The primary motor cortex is on the posterior part of the frontal lobe, and it contains most of the upper motor neurons. Most of the axons of these upper motor neurons will form two tracts: the corticospinal tract, which connects to the spinal cord, and the corticobulbar tract, which connects to the brainstem.
The map of the body on the primary motor cortex is called the motor homunculus, with the face and arm laterally, the torso superiorly, and the leg medially. The primary motor cortex and the primary somatosensory cortex are adjacent, and their homunculi are similar, so that lesions often involve both and cause similar patterns of body part involvement for upper motor neuron and somatosensory abnormalities. Anterior to the primary motor cortex are association motor cortices. Association motor cortices create the motor plan, which specifies which muscles to contract and at what intensity and duration. Then it sends the motor plan to the primary motor cortex for execution via the upper motor neurons. The motor cortices need input from other areas for proper function, including sensory cortices (particularly somatosensory and visual), the cerebellum, and the basal ganglia.

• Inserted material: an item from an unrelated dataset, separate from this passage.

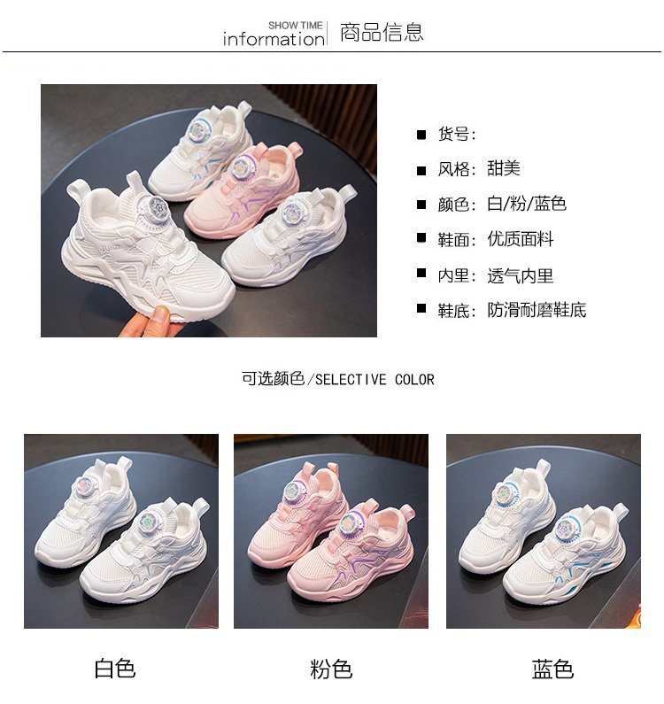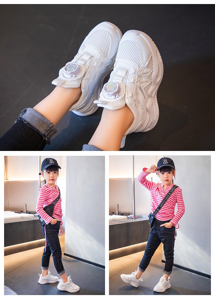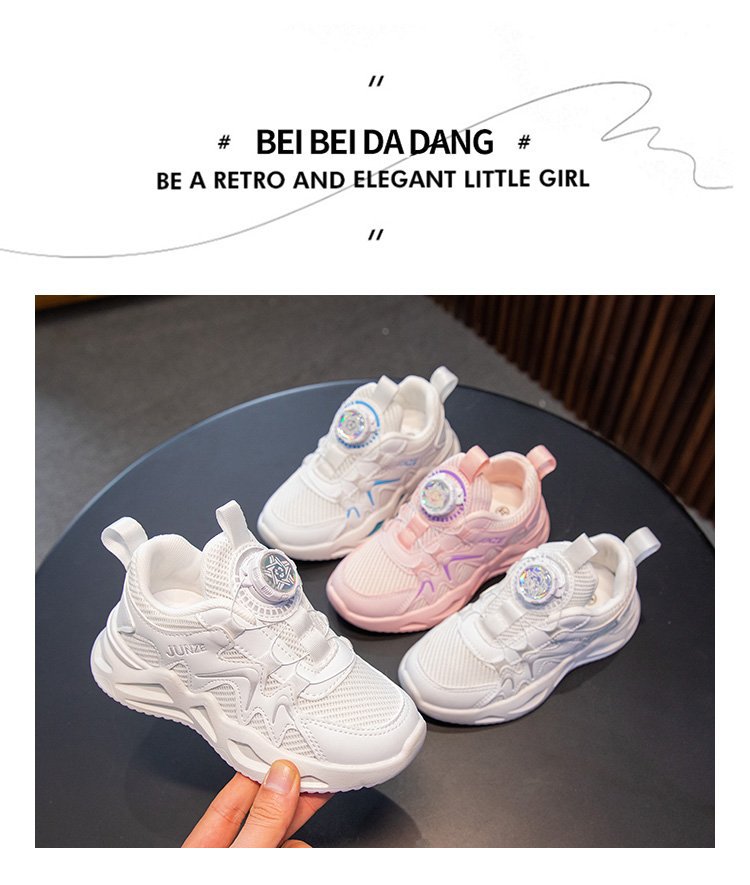 여아 운동화 2025 봄 가을 아동 메쉬 화이트 슈즈 중대형 아동 회전 버튼 소프트솔 남아 러닝화스토어 가기

Motor planning is related to praxis, which refers to the ability to perform learned purposeful movements. Dysfunction of association motor or somatosensory cortices may cause apraxia, which is the inability to perform learned purposeful movements, despite having the necessary motivation and basic motor and sensory functions. A common example is losing the ability to operate a television remote control despite wanting to change the channel, being able to see and feel the buttons, and being able to move the fingers. Praxis can be tested by asking the patient to pretend to do tasks such as hammering a nail or brushing teeth. There is a type of hypertonia called paratonia that probably is a form of apraxia. Patients with paratonia seem to be unable to relax their muscles voluntarily; the more attention they pay to trying to relax the muscles the more contracted they become, but with distraction the tone usually returns to normal. This is usually seen with lesions of frontal association cortices that probably play a role in controlling the motor cortices.
There is an additional cortical area called the frontal eye field, which has a motor function for control of eye movements. It is on the lateral frontal lobe anterior to association motor cortices.